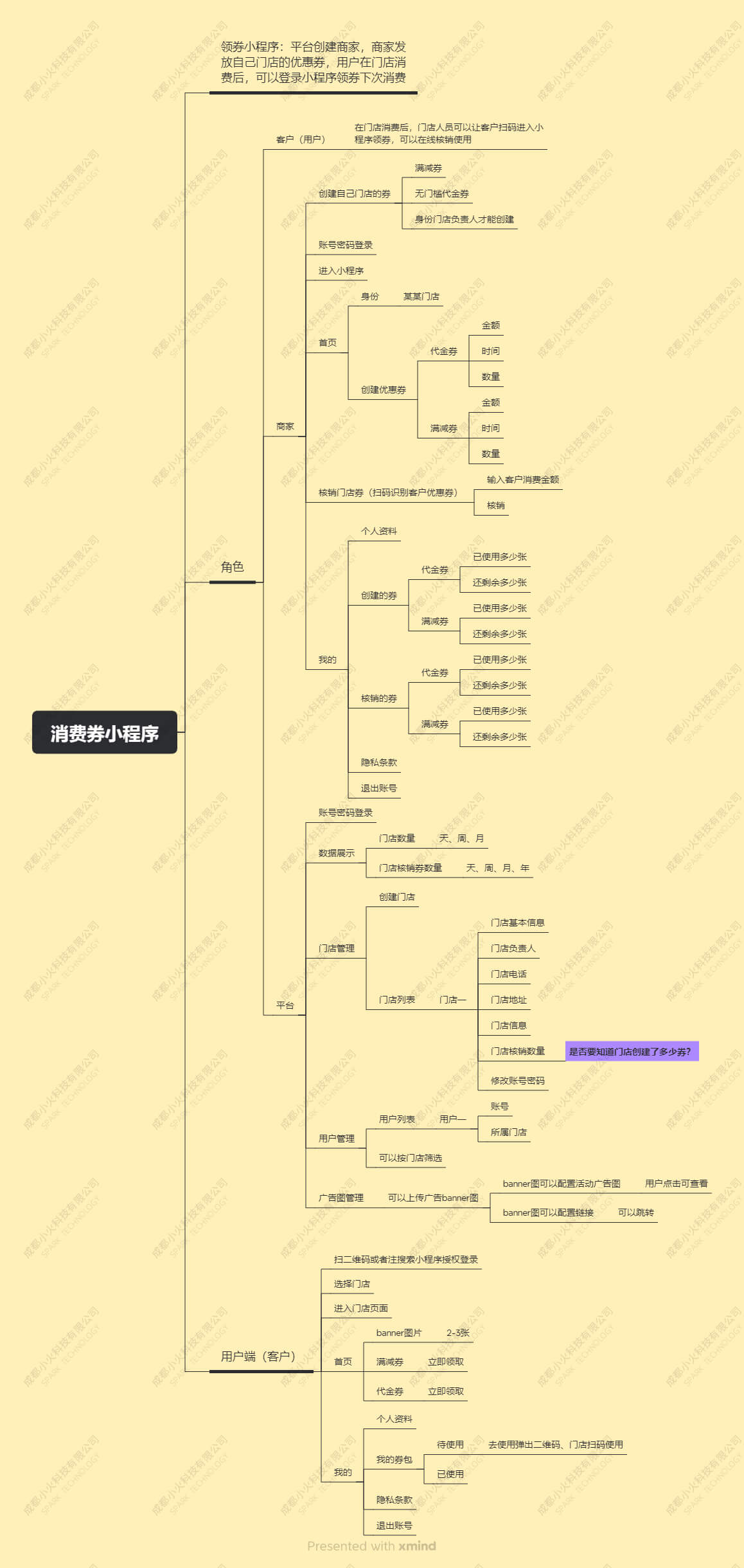 下面是一套的结构梳理图,从图上我们可以看出,这是一套实体门店的消费券小程序,用户到店之后,扫码可以领取优惠券,现场核销或者下次核销进行消费。优惠券的使用简单明了,简单的步骤,就能让用户享受到实在的优惠。所以针对优惠券的小程序是很受用户喜欢的,加上结合微信的实用背景,非常方便。
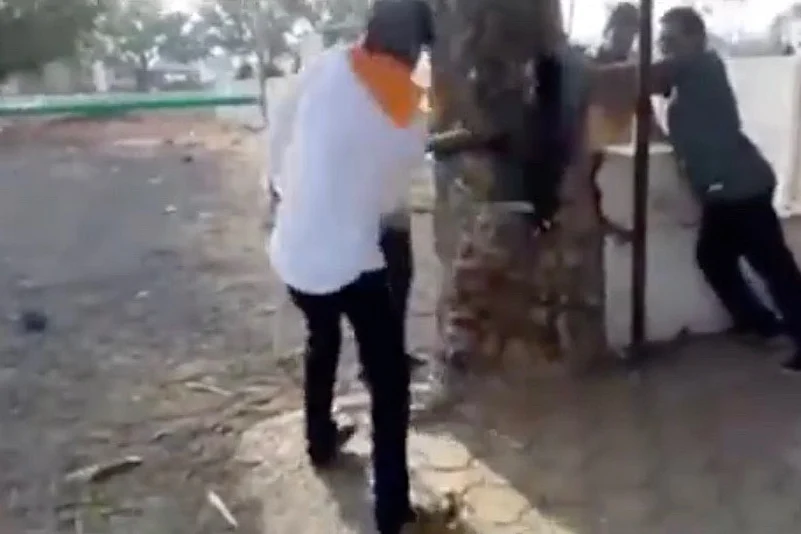 The two men were forced to stand against a tree and beaten with thick wooden sticks. One of the men was then forced to hit his wife repeatedly with a slipper and shout "Jai Shree Ram", as video footage of the incident that has gone viral shows.
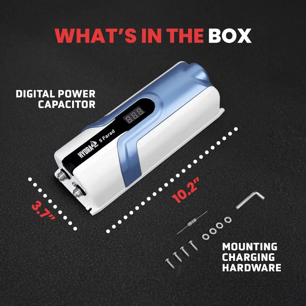 Enhance your car’s audio performance with the Pyle 0.5 Farad Digital Power Capacitor. This high-performance audio accessory ensures your sound system gets the stable power it needs with its 0.5 Farad capacitance. The blue digital display allows you to easily track power levels while over voltage and electronic polarity protection circuits ensure safe use. The durable ABS housing and sleek aluminum brushed interior provide robust construction, while the chrome-plated post kits ensure a secure connection. Whether you're upgrading your car’s sound system or enhancing its performance, this capacitor is designed for easy installation and reliable results.
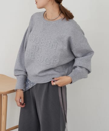フロントに立体的なエンボス加工ロゴを施したトップス。
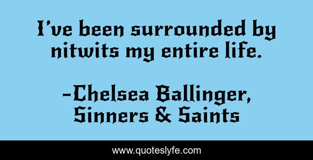 "Chelsea Ballinger, Sinners & Saints Quotes." Quoteslyfe.com, 2025. Fri. 05 Dec. 2025. <https://www.quoteslyfe.com/quote/I-ve-been-surrounded-by-nitwits-my-210913>.
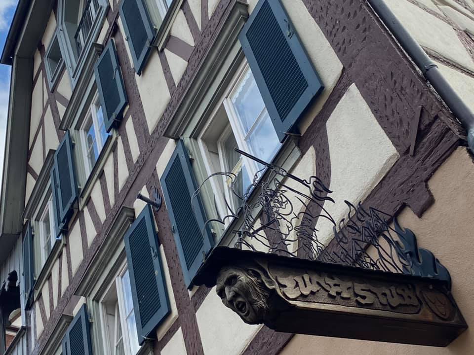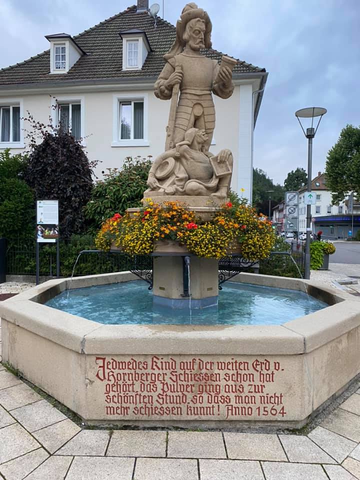 This inscription refers to an evidently true event that happened in Hornberg in 1564. The regional lord was scheduled to visit, and the local townsfolk arranged to shoot cannons in his honor upon his arrival. While they waited for him they drank lots of beer, and kept shooting cannons at the arrival of other travelers they mistook from afar for the lord. By the time the lord did arrive the townsfolk were drop dead drunk and there was no more powder to shoot any cannons. The people of Hornberg have built an amphitheater specifically to enact the Hornberg Shooting Story for tourists. This year, with covid and all, the theater remained empty.
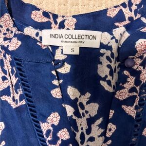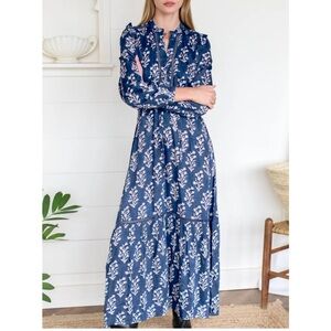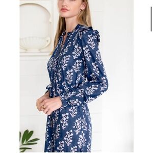 Emerson Fry Navy Floral Long Sleeve Dress Frances 4 Pressed Flowers Small
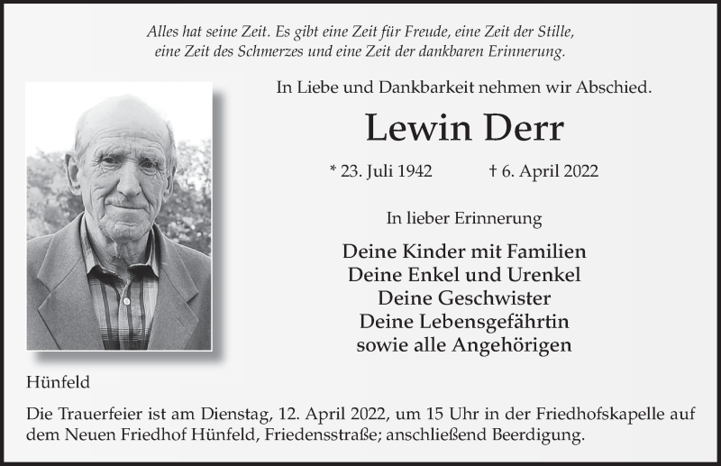 Hier finden Sie alle Traueranzeigen aus der Zeitung, die bisher für Lewin Derr erschienen sind. Weitere Traueranzeigen, die in der Zeitung erscheinen, werden hier ebenfalls aufgelistet
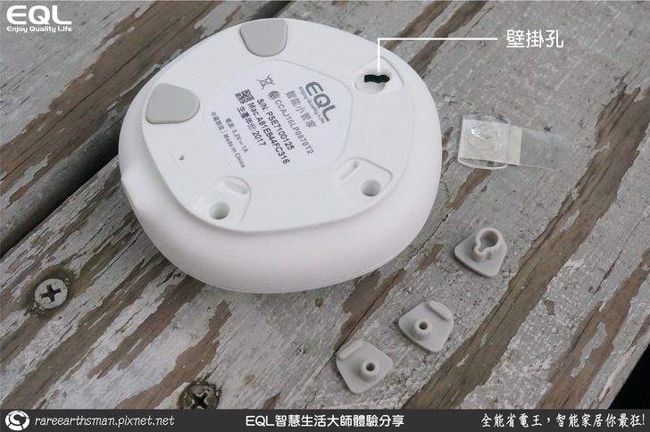 ▲智能小管家底部的橡膠墊全部都可以取下,中央上方的橡膠墊下方就是壁掛孔,使用上僅需要先將附件裡的壁掛小掛勾連貼在牆上,然後將智能小管家背面的壁掛孔對準小掛勾就完成壁掛動作。而這顆掛勾是3M公司生產的,型號是37026,如果需要更換就請直接買3M的這款掛勾即可。另外4顆橡膠墊下方是螺絲孔,固定外殼與內部零件用。
|---|
**Problem description**
The expected answer is the full listing above, transcribed exactly and without pictures.

**Answer to the problem**
 下面是一套的结构梳理图,从图上我们可以看出,这是一套实体门店的消费券小程序,用户到店之后,扫码可以领取优惠券,现场核销或者下次核销进行消费。优惠券的使用简单明了,简单的步骤,就能让用户享受到实在的优惠。所以针对优惠券的小程序是很受用户喜欢的,加上结合微信的实用背景,非常方便。
 The two men were forced to stand against a tree and beaten with thick wooden sticks. One of the men was then forced to hit his wife repeatedly with a slipper and shout "Jai Shree Ram", as video footage of the incident that has gone viral shows.
 Enhance your car’s audio performance with the Pyle 0.5 Farad Digital Power Capacitor. This high-performance audio accessory ensures your sound system gets the stable power it needs with its 0.5 Farad capacitance. The blue digital display allows you to easily track power levels while over voltage and electronic polarity protection circuits ensure safe use. The durable ABS housing and sleek aluminum brushed interior provide robust construction, while the chrome-plated post kits ensure a secure connection. Whether you're upgrading your car’s sound system or enhancing its performance, this capacitor is designed for easy installation and reliable results.
フロントに立体的なエンボス加工ロゴを施したトップス。
 "Chelsea Ballinger, Sinners & Saints Quotes." Quoteslyfe.com, 2025. Fri. 05 Dec. 2025. <https://www.quoteslyfe.com/quote/I-ve-been-surrounded-by-nitwits-my-210913>.
 This inscription refers to an evidently true event that happened in Hornberg in 1564. The regional lord was scheduled to visit, and the local townsfolk arranged to shoot cannons in his honor upon his arrival. While they waited for him they drank lots of beer, and kept shooting cannons at the arrival of other travelers they mistook from afar for the lord. By the time the lord did arrive the townsfolk were drop dead drunk and there was no more powder to shoot any cannons. The people of Hornberg have built an amphitheater specifically to enact the Hornberg Shooting Story for tourists. This year, with covid and all, the theater remained empty.
 Emerson Fry Navy Floral Long Sleeve Dress Frances 4 Pressed Flowers Small
 Hier finden Sie alle Traueranzeigen aus der Zeitung, die bisher für Lewin Derr erschienen sind. Weitere Traueranzeigen, die in der Zeitung erscheinen, werden hier ebenfalls aufgelistet
 ▲智能小管家底部的橡膠墊全部都可以取下,中央上方的橡膠墊下方就是壁掛孔,使用上僅需要先將附件裡的壁掛小掛勾連貼在牆上,然後將智能小管家背面的壁掛孔對準小掛勾就完成壁掛動作。而這顆掛勾是3M公司生產的,型號是37026,如果需要更換就請直接買3M的這款掛勾即可。另外4顆橡膠墊下方是螺絲孔,固定外殼與內部零件用。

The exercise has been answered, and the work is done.